Eight sessions were devoted to teaching about and working with the Web as a large corpus using Google search engine and webascorpus Web Concordancer[3]. During the first and the second sessions, the concept of the Web as a corpus was elaborated on and the important search features of the Google search engine, namely phrase search and wildcard search were introduced. The third session was wholly devoted to discussion about the students’ first experience with the Google Search Engine. During the fourth session, after the students shared their second experience with Google search engine, a questionnaire on using Google search engine was administrated. In the fifth session, after the students were lectured on Web concordancers in general and webascorpus in particular, they were given an English text to translate into Persian using webascorpus. It is necessary to mention that the two search features of webascorpus, namely, simple and advanced search features were elaborated on in detail in the class. At the beginning of the seventh session, the students shared their second experience with webascorpus, following which a questionnaire on using webascorpus was administrated. In the eighth session, the groups were asked to translate two English texts, one using the Web plus dictionaries and glossaries, the other one using just dictionaries and glossaries. This practice was done to investigate whether there would be any differences between two sets of translation produced, one using dictionaries plus the Web and the other one using only dictionaries, in terms of their scores.
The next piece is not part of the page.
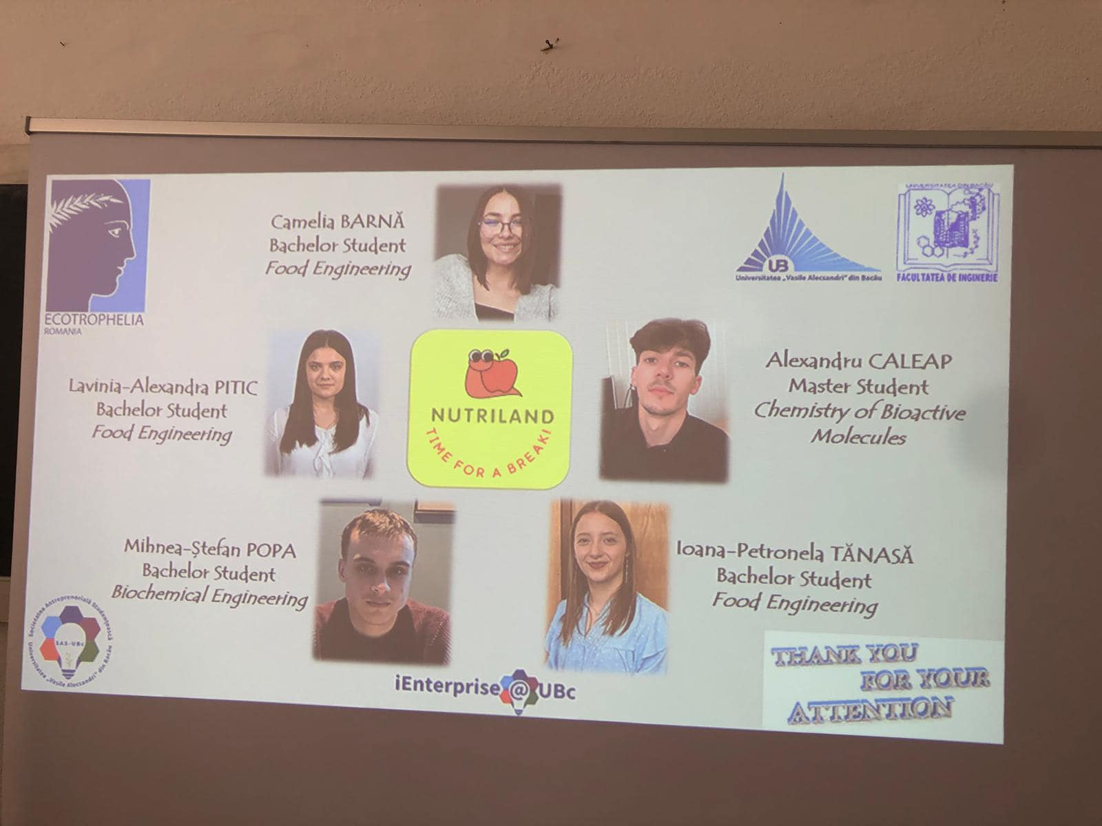 Echipa NutriLand va prezenta produsul alimentar inovativ la care au lucrat anul acesta, fiind prima participare a Facultății de Inginerie din cadrul Universității „Vasile Alecsandri” la această competiție care încurajează creativitatea, inovația și spiritul antreprenorial al studenților din cadrul specializărilor cu profil de industrie alimentară.
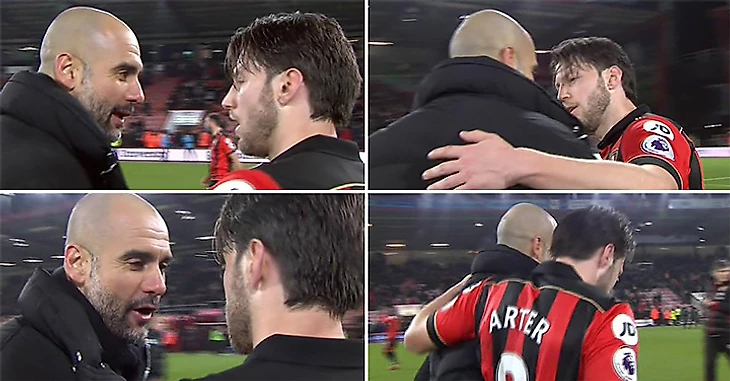 После финального свистка матча 25-го тура АПЛ между «Борнмутом» и « Манчестер Сити» Гвардиола подошел к полузащитнику «Борнмута» Гарри Артеру и выразил соболезнования в связи со смертью новорожденной дочери в 2015 году.

In order to compensate for possible differences in groups’ translation abilities and any potential text-specific difficulties, groups 1, 2 and 3 were asked to translate text A using the Internet plus dictionaries and text B using only dictionaries, while groups 4, 5 and 6 were asked to translate text A using only dictionaries and text B using the Internet plus dictionaries. Two external raters were then chosen to do the evaluation of the students’ translations. The raters were asked to mark the translations according to their usual methods of marking the students’ translations. The mean score for each translation was then calculated by adding the scores from each rater and dividing it by two. After the mean scores for all Internet-based and dictionary-based translations were calculated, the mean scores of translations in the two groups were compared and the T test was calculated to see whether the difference between the mean scores of the Internet-based translations and the dictionary-based translations was significant or not.

5. Findings and discussion

Findings on Google Search Engine

The subjects’ overall reaction to Google search engine can be described as positive with most students showing interest in learning about Google search engine to extract translationally-relevant data from the Web.

Based on the findings from our questionnaire, the majority of the subjects indicated that they liked using Google search engine to extract translationally-relevant data. Nineteen students further stated that they would like to continue using search engines for translation purposes. Five students further indicated that consulting relevant Persian texts found using Google search engine gave them more confidence in producing their translations. In addition, more than 90% of the subjects responded positively to the statement indicating that Google search engine must be used along with the resources translators normally use. Furthermore, 85% of the subjects responded positively to the statement on the usefulness of the Google search engine to extract translationally-relevant data.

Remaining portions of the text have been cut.